Work instruction: In the entries that follow, find the line containing "Zmień noc w" and the line containing "Painting is oil", then copy exactly everything from the first through the second except the pictures.

The input:

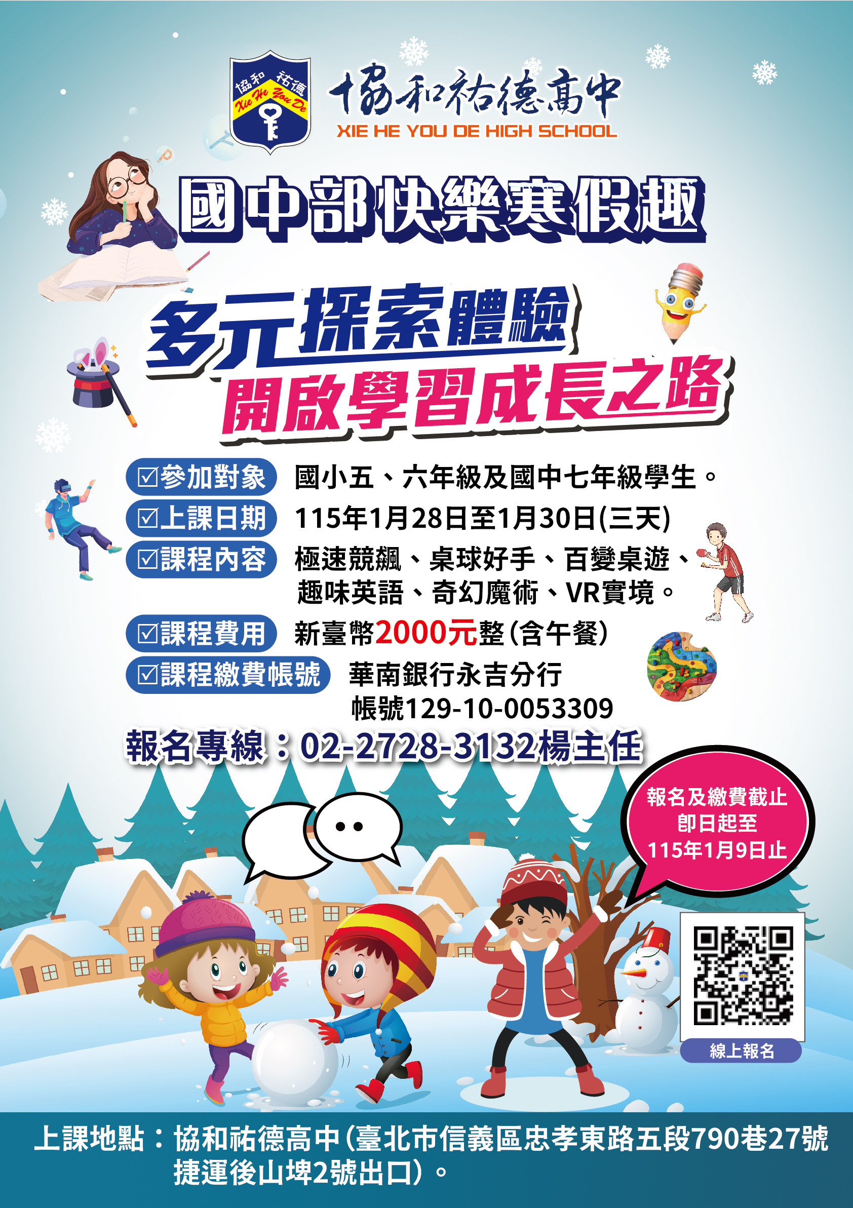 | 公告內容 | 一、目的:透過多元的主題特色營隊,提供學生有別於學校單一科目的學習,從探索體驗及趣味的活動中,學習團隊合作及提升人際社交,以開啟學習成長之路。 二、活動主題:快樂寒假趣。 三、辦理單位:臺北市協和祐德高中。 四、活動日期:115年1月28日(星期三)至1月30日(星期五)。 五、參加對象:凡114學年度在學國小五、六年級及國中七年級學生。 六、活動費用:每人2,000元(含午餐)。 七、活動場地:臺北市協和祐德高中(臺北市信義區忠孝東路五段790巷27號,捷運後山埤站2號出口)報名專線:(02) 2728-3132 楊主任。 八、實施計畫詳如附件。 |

...

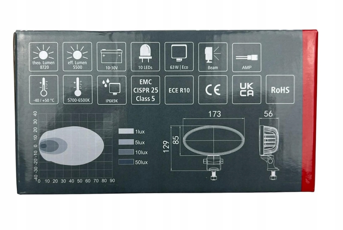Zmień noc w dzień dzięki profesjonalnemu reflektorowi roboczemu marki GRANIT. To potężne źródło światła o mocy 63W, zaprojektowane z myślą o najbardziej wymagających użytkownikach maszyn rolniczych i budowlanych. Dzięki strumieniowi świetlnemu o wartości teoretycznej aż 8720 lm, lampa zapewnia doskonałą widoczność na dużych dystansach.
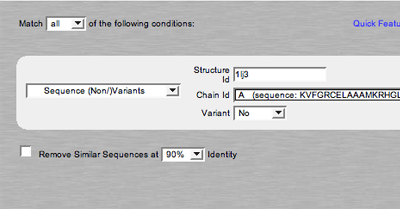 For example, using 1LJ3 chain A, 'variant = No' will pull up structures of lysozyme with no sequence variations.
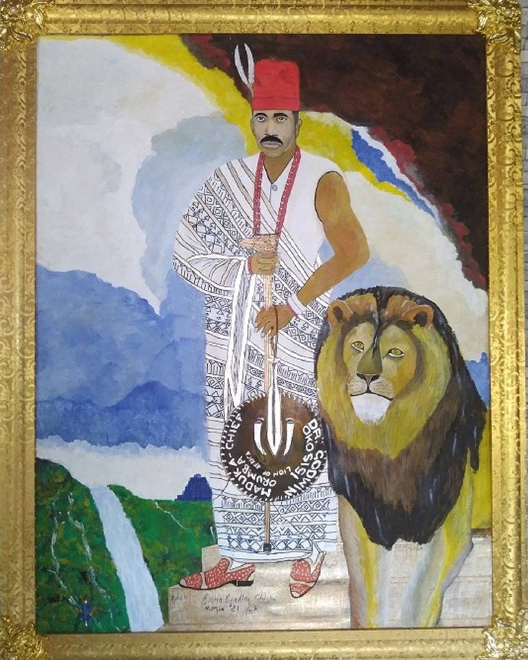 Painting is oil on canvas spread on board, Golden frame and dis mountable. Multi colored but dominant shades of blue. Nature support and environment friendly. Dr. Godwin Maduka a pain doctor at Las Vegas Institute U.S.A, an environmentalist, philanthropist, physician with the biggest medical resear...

Exercise output:
Zmień noc w dzień dzięki profesjonalnemu reflektorowi roboczemu marki GRANIT. To potężne źródło światła o mocy 63W, zaprojektowane z myślą o najbardziej wymagających użytkownikach maszyn rolniczych i budowlanych. Dzięki strumieniowi świetlnemu o wartości teoretycznej aż 8720 lm, lampa zapewnia doskonałą widoczność na dużych dystansach.
 For example, using 1LJ3 chain A, 'variant = No' will pull up structures of lysozyme with no sequence variations.
 Painting is oil on canvas spread on board, Golden frame and dis mountable. Multi colored but dominant shades of blue. Nature support and environment friendly. Dr. Godwin Maduka a pain doctor at Las Vegas Institute U.S.A, an environmentalist, philanthropist, physician with the biggest medical resear...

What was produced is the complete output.